* _About this exercise_
Your output should be the lines from the one with "企业名称: 广州市盈尔安防火材料有限公司 股权代码: 891133" through the last line of the records below, exactly as written, minus the pictures.
*** Data for this task
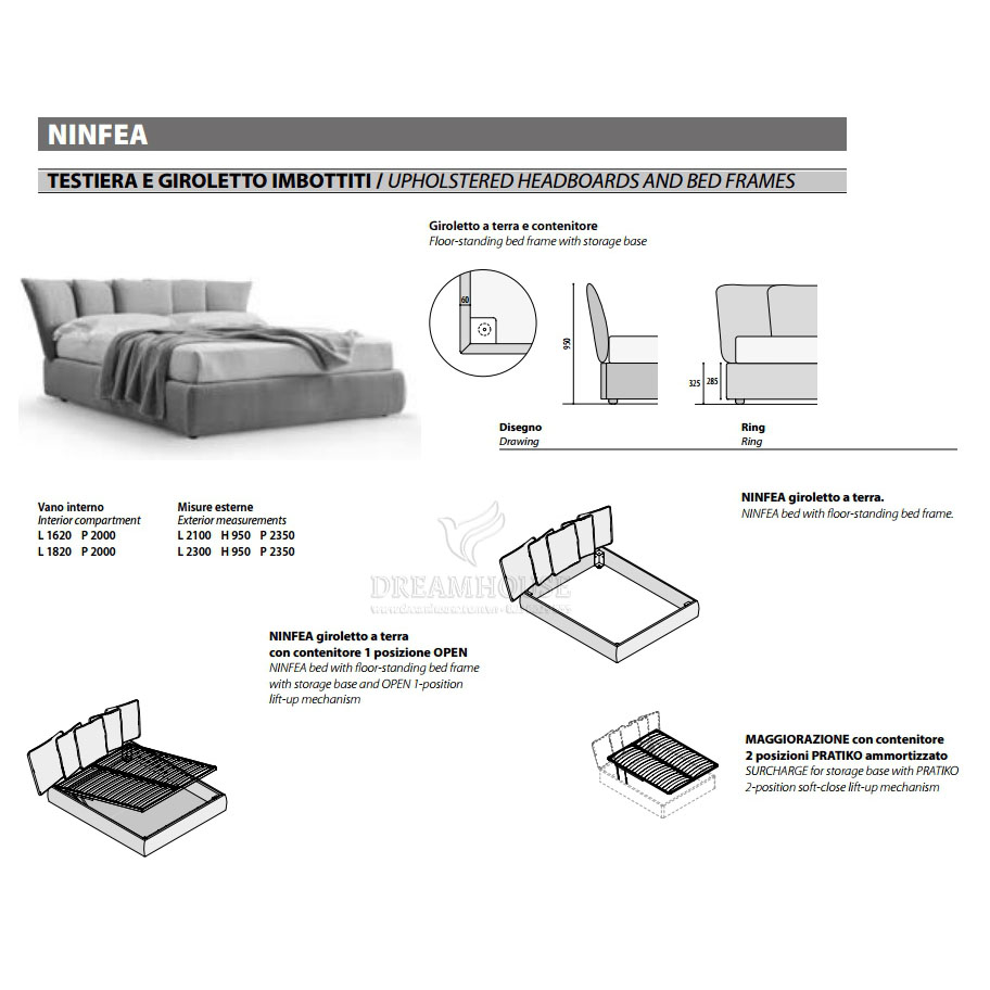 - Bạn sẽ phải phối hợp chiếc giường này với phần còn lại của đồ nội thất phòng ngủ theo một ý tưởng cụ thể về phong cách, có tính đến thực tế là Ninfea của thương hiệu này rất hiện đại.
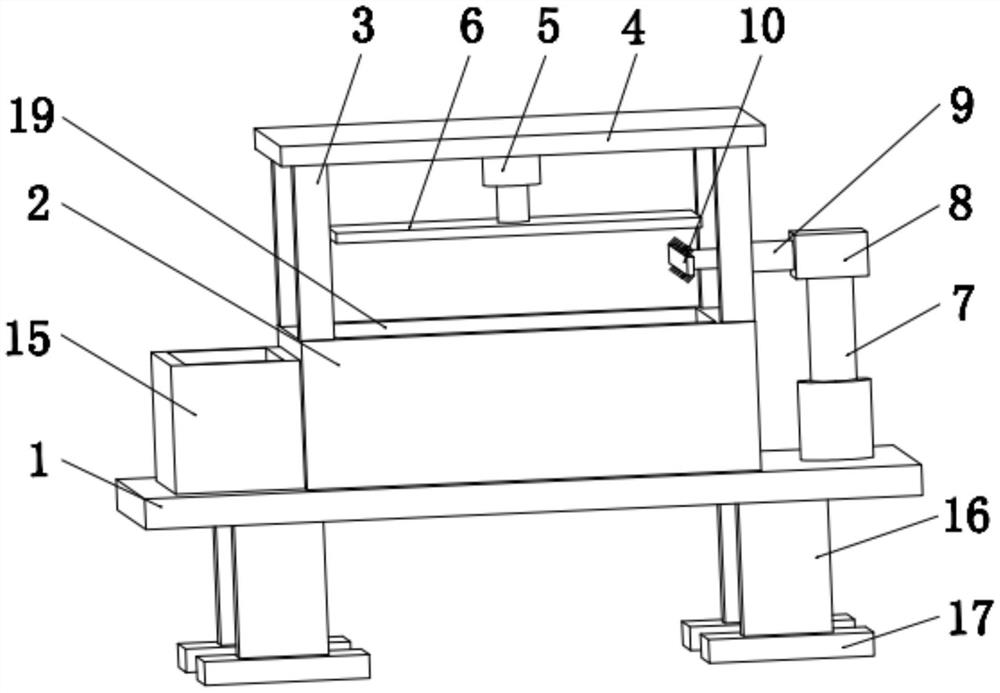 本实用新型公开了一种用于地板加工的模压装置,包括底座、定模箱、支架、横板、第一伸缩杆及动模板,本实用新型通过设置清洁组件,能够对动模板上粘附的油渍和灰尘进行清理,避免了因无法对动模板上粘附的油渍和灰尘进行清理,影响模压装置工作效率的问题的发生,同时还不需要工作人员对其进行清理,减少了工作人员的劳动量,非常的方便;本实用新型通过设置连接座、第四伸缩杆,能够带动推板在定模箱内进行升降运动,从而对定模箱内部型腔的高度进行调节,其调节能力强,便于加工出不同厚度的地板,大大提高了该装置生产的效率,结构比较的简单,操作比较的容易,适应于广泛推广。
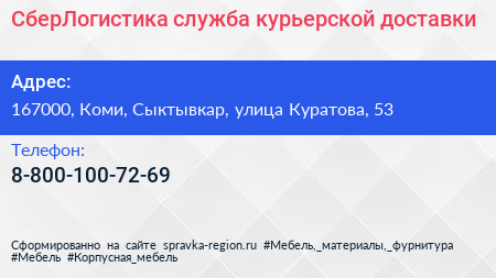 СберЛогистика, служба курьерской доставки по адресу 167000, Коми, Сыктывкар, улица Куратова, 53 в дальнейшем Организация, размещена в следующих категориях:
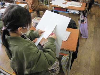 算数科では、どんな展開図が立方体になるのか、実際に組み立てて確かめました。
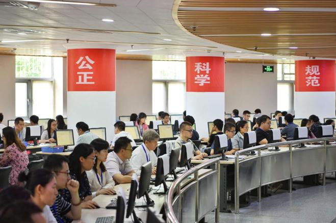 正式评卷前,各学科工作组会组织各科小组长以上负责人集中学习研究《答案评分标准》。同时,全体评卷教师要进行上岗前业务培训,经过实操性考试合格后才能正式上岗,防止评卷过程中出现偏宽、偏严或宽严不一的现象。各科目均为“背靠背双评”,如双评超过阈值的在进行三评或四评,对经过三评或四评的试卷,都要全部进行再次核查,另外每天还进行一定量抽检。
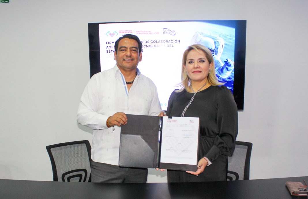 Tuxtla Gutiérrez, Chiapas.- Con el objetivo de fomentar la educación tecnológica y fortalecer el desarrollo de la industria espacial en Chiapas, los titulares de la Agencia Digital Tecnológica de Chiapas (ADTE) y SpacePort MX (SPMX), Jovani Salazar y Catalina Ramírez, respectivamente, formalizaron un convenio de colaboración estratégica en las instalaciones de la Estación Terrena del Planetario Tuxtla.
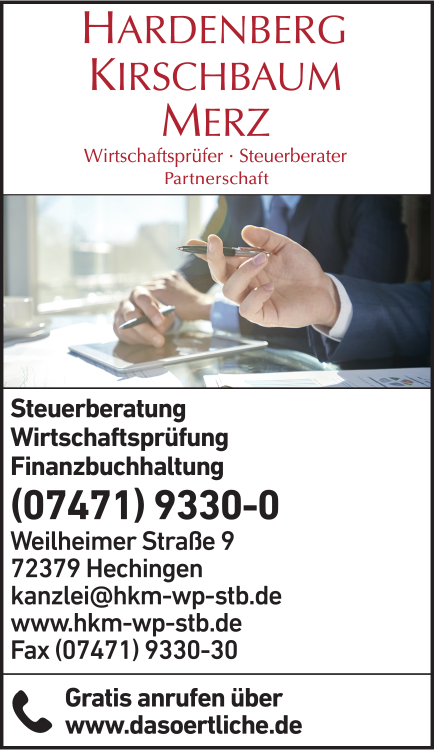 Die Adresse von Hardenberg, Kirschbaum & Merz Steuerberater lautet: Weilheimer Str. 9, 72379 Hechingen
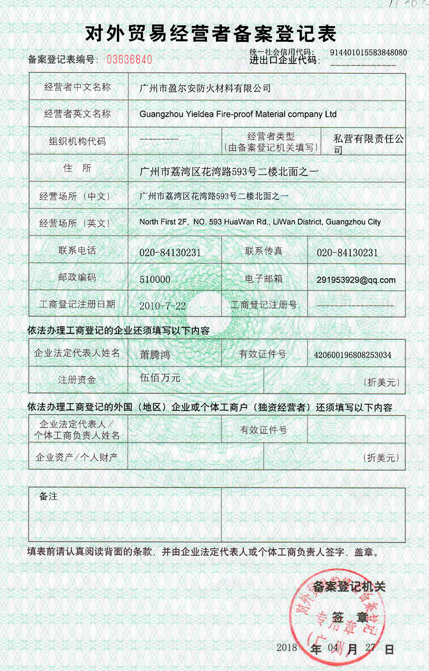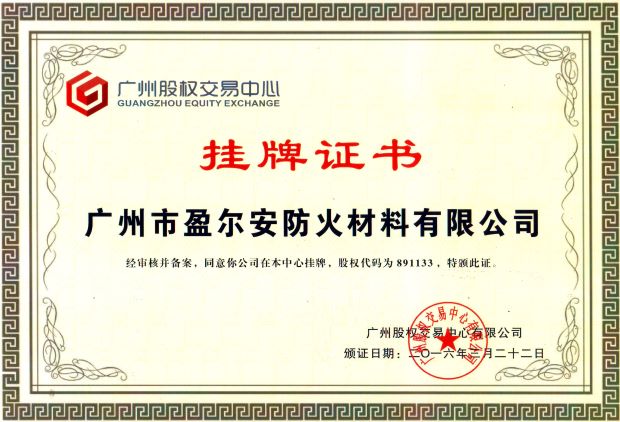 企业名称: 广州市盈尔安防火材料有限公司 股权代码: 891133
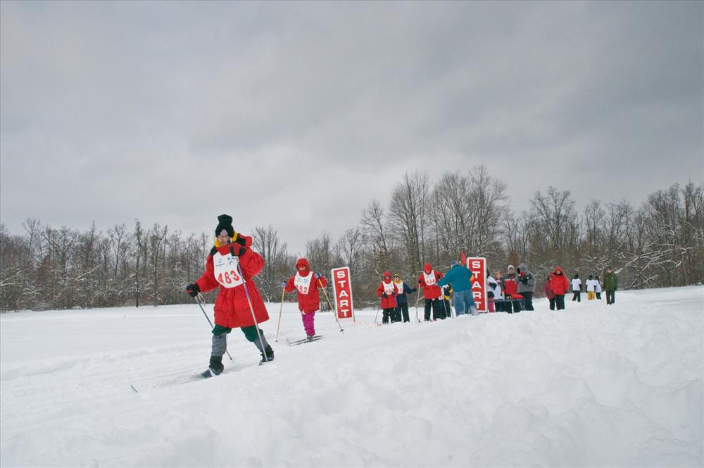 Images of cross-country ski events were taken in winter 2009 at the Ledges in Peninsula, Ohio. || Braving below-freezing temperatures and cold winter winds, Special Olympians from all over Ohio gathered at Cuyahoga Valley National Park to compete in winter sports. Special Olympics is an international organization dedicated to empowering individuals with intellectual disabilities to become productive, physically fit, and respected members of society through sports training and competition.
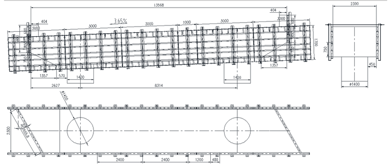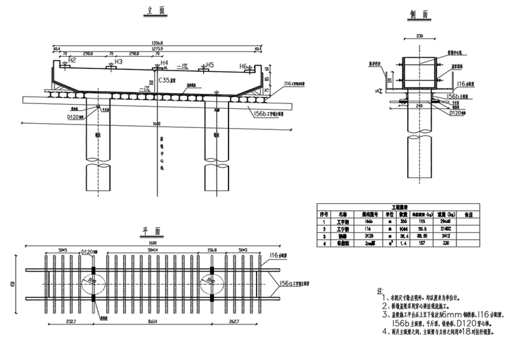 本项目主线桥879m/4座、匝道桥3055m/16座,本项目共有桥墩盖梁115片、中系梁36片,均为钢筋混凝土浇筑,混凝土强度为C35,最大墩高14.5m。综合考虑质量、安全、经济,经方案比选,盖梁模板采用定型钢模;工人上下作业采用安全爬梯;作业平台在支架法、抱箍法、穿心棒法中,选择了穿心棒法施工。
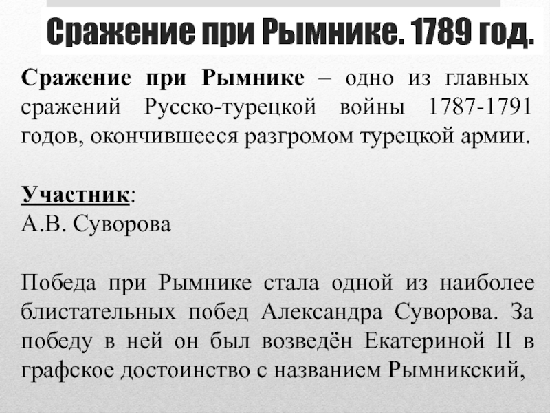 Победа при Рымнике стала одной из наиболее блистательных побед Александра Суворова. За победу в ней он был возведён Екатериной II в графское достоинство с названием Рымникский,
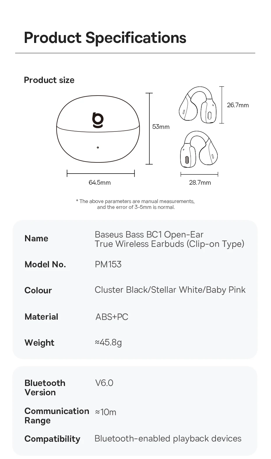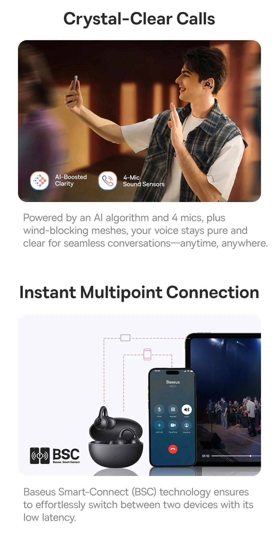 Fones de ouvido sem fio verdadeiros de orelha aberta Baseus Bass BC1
******
* _Written response_
 企业名称: 广州市盈尔安防火材料有限公司 股权代码: 891133
 Images of cross-country ski events were taken in winter 2009 at the Ledges in Peninsula, Ohio. || Braving below-freezing temperatures and cold winter winds, Special Olympians from all over Ohio gathered at Cuyahoga Valley National Park to compete in winter sports. Special Olympics is an international organization dedicated to empowering individuals with intellectual disabilities to become productive, physically fit, and respected members of society through sports training and competition.
 本项目主线桥879m/4座、匝道桥3055m/16座,本项目共有桥墩盖梁115片、中系梁36片,均为钢筋混凝土浇筑,混凝土强度为C35,最大墩高14.5m。综合考虑质量、安全、经济,经方案比选,盖梁模板采用定型钢模;工人上下作业采用安全爬梯;作业平台在支架法、抱箍法、穿心棒法中,选择了穿心棒法施工。
 Победа при Рымнике стала одной из наиболее блистательных побед Александра Суворова. За победу в ней он был возведён Екатериной II в графское достоинство с названием Рымникский,
 Fones de ouvido sem fio verdadeiros de orelha aberta Baseus Bass BC1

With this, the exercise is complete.